2. The method of claim 1 wherein said metabolic precursor is selected from the group consisting of kynurenine, kynurenine analogues that are metabolizable to kynurenic acid analogues and tryptophan.

3. The method of claim 2 wherein said administration comprises peripheral loading.

4. A method for treating kynurenic acid treatable neurological disease in an individual comprising administering a substance that causes the increased uptake in the brain of said individual of a metabolic precursor of kynurenic acid, thereby ameliorating said kynurenic acid treatable neurological disease.
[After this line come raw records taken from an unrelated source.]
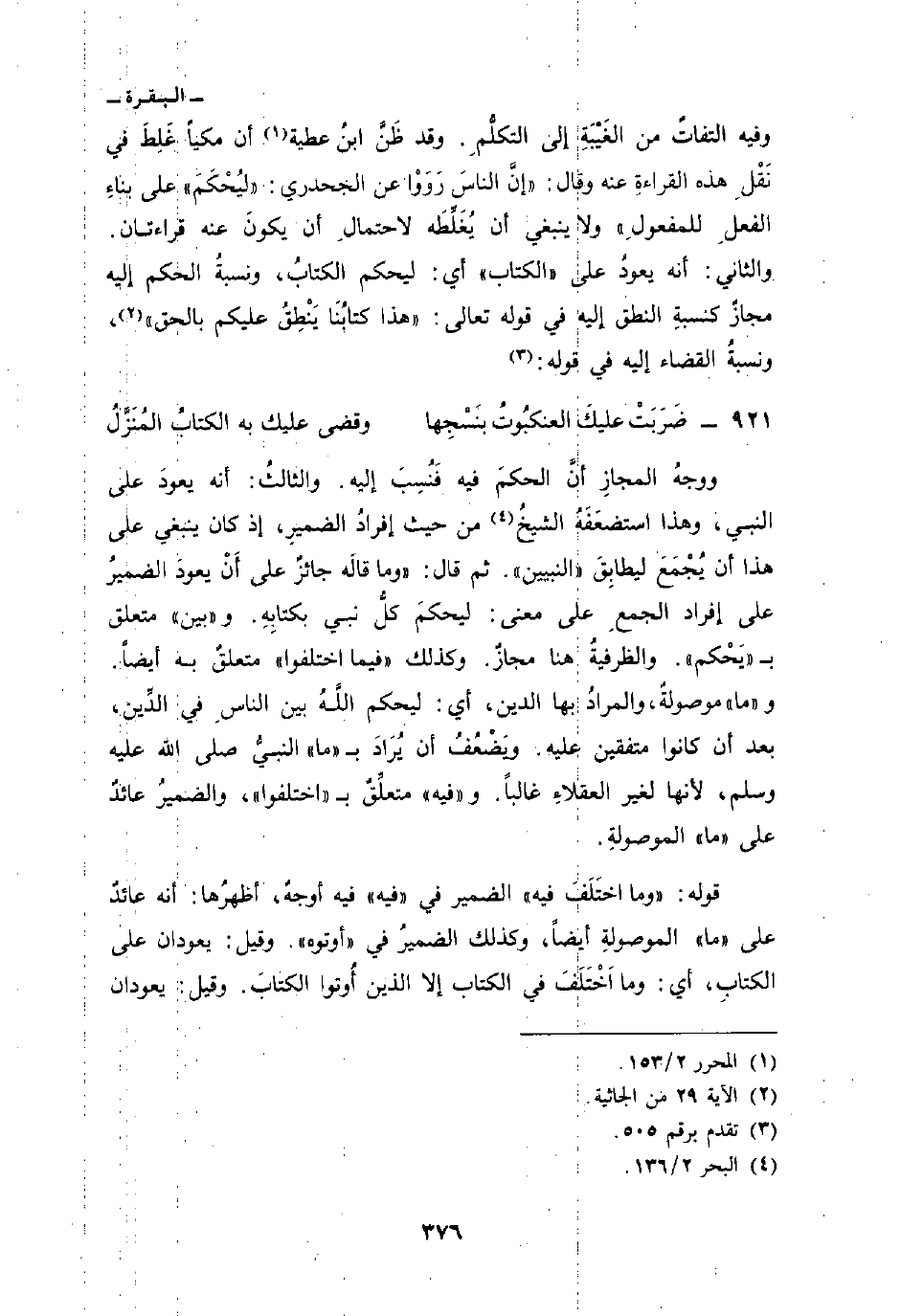 والثاني: أنه يعودُ على «الكتاب» أي: ليحكم الكتابُ، ونسبةُ الحكم إليه مجازٌ كنسبةِ النطق إليه في قوله تعالى: {هذا كِتَابُنَا يَنطِقُ عَلَيْكُم بالحق} [الجاثية: 29] ، ونسبةُ القضاء إليه في قوله:
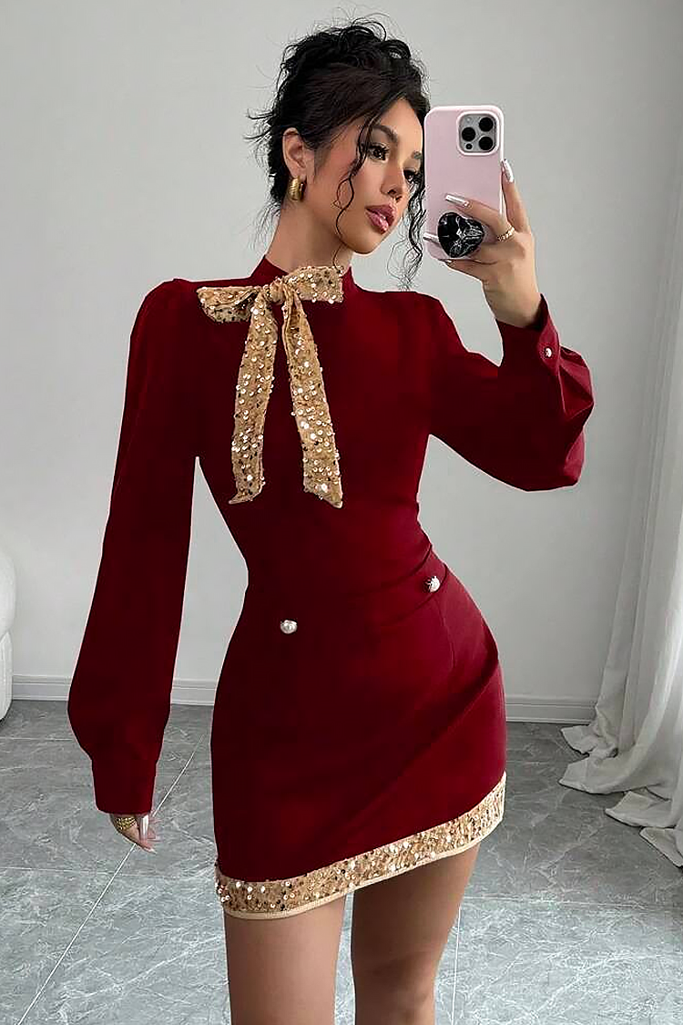 - Model ma ozdobną wstążkę z cekinami i bufiaste rękawy.
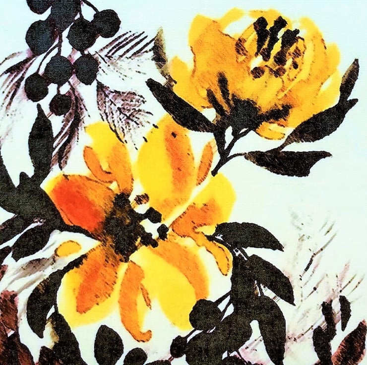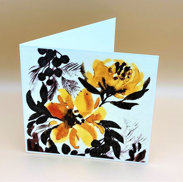Taken from one of my original watercolour paintings this little card is a colourful way to send your own message on any occasion. The card shows yellow peony rose flowers against dark purple black leaves and berries. The colours create a dramatic contrast and the card image is manipulated to give a slight 'film grain' finish which lends air of vintage glamour to the print.
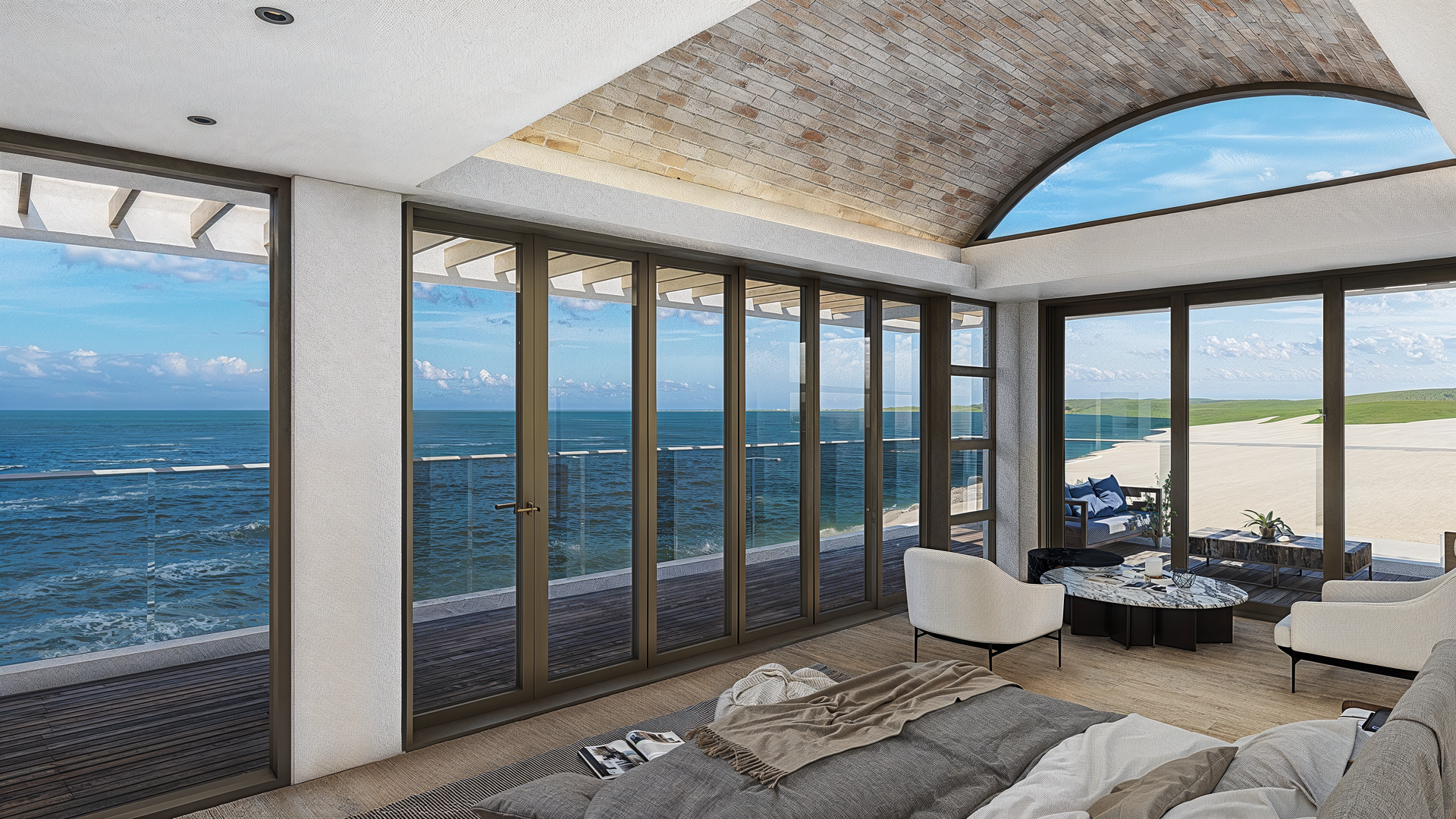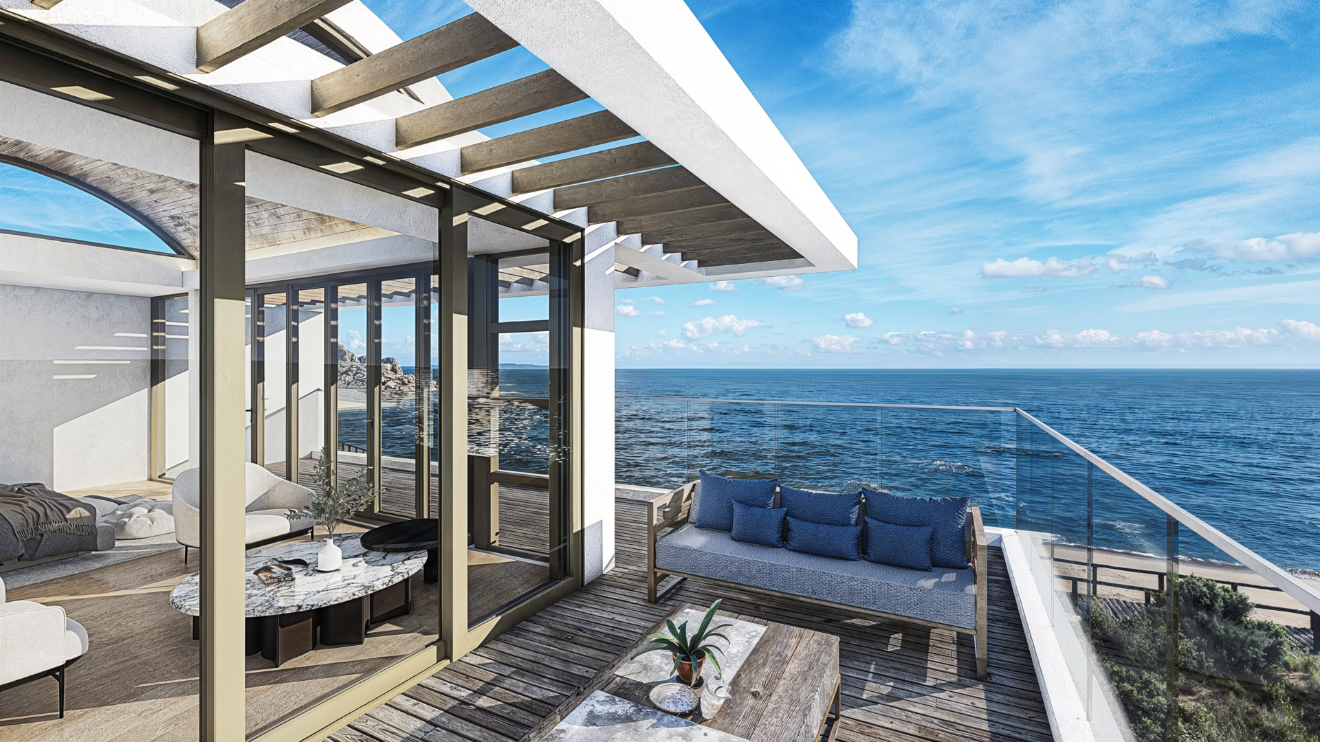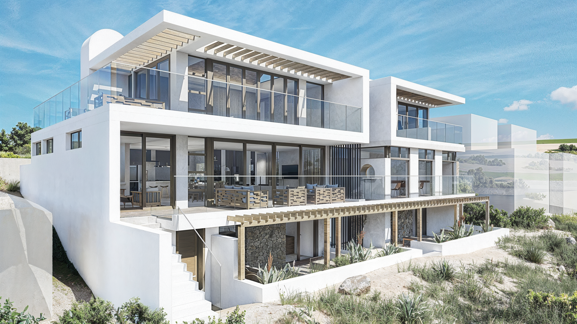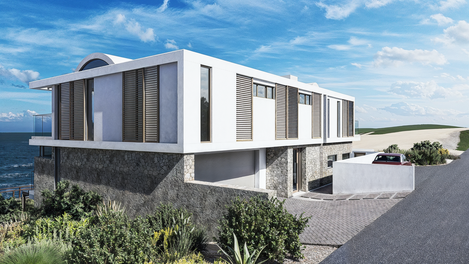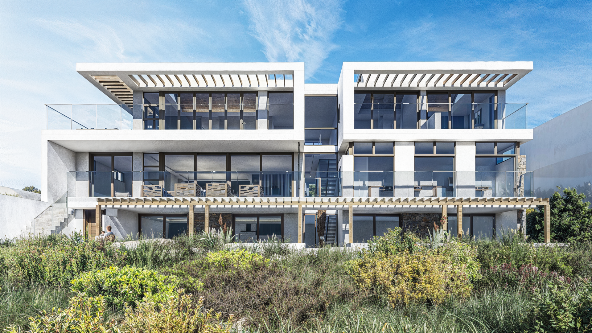 A dazzling, modernized Greek-inspired villa rises boldly from the wild dunes of Paradise Beach, Langebaan, its crisp white cubic forms, sweeping glass walls, and sun-dappled wooden pergolas cascading down the hillside like a contemporary Cycladic dream bathed in Mediterranean light.
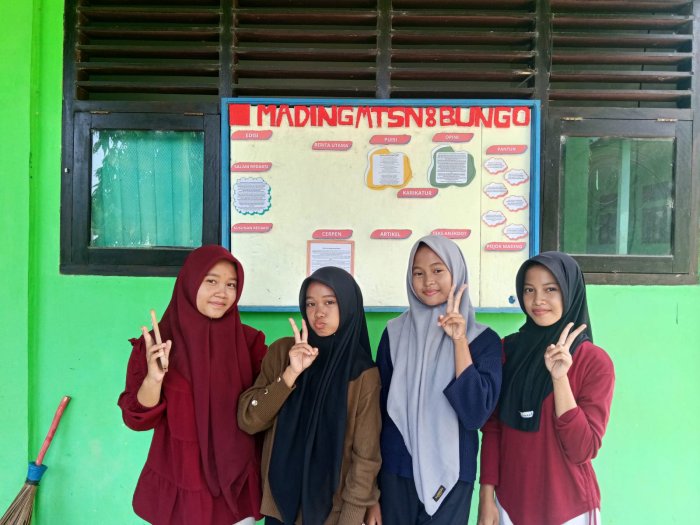 “Kami ingin mading MTsN 8 Bungo menjadi tempat yang hidup. Setiap bulan harus ada konten baru agar siswa senang membaca dan termotivasi untuk ikut berkarya. Alhamdulillah seluruh anggota sangat kompak dalam proses pengisian mading kali ini,” ujar Aina.
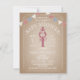 Une invitation à faire bouillir un baby shower à basse température, illustrée d'un homard tenant une sucette. en vichy rouge, point de polka bleu et chevron beige au sommet. Arrière - plan est un papier stock de carte marron inspiré.
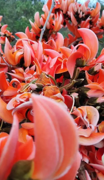 Pinkish Palash (Butea monosperma 'Pinkish'), a deciduous tree, grows 10-15 m with slow growth in well-drained sandy-loam soil, thrives in full sun with low moisture, is non-edible with medicinal benefits, and produces 2.5 cm pink-tinged flowers in Feb-Apr.
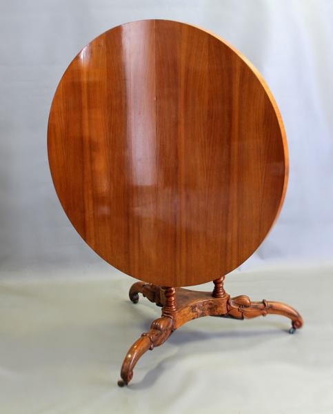 19. Jh., verschiedene Edelhölzer furniert und massiv, furnierte Platte mit geometrischem Spiegelfurnier, leichte Farbflecken, 3-passiges Gestell aus 3 gedrechselten Mittelsäulen und 3 beschnitzten Volutenfüßen auf Rollen, Mittelsegment mit attraktivem Wurzelfurnier verziert, Platte seitlich abklappbar, Altersspuren, wackelig, leicht verzogen, Gebrauchsspuren, 105 x 73 cm, KEIN VERSAND MÖGLICH! Bitte geben Sie beim Checkout die Option "Selbstabholung" an. Dieser Artikel wird nicht versendet. Bei der Option "Deutsche Post" kommt kein Kaufvertrag mit Lieferung zustande. Sie können diesen Artikel nur abholen oder eine Spedition mit der Abholung beauftragen. Gern empfehlen wir Ihnen ein Unternehmen, mit dem wir seit langem gut zusammenarbeiten.
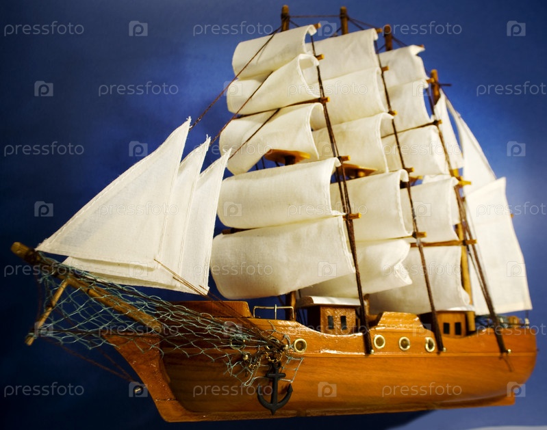 Парусное судно на синем фоне

5. The method of claim 4 wherein said metabolic precursor is kynurenine.

6. A method for treating kynurenic acid treatable neurological disease in an individual comprising administering a substance that increases the amount or activity of kynurenine aminotransferase in the brain of said individual, thereby ameliorating said kynurenic acid treatable neurological disease.

7. A method of increasing kynurenine levels in brain tissue in an individual, comprising administering to the individual kynurenine or tryptophan in a therapeutically effective amount.

8. The method of claim 7 further comprising administering an inhibitor of kynureninase or an inhibitor of 3-hydroxyanthranilic acid oxidase.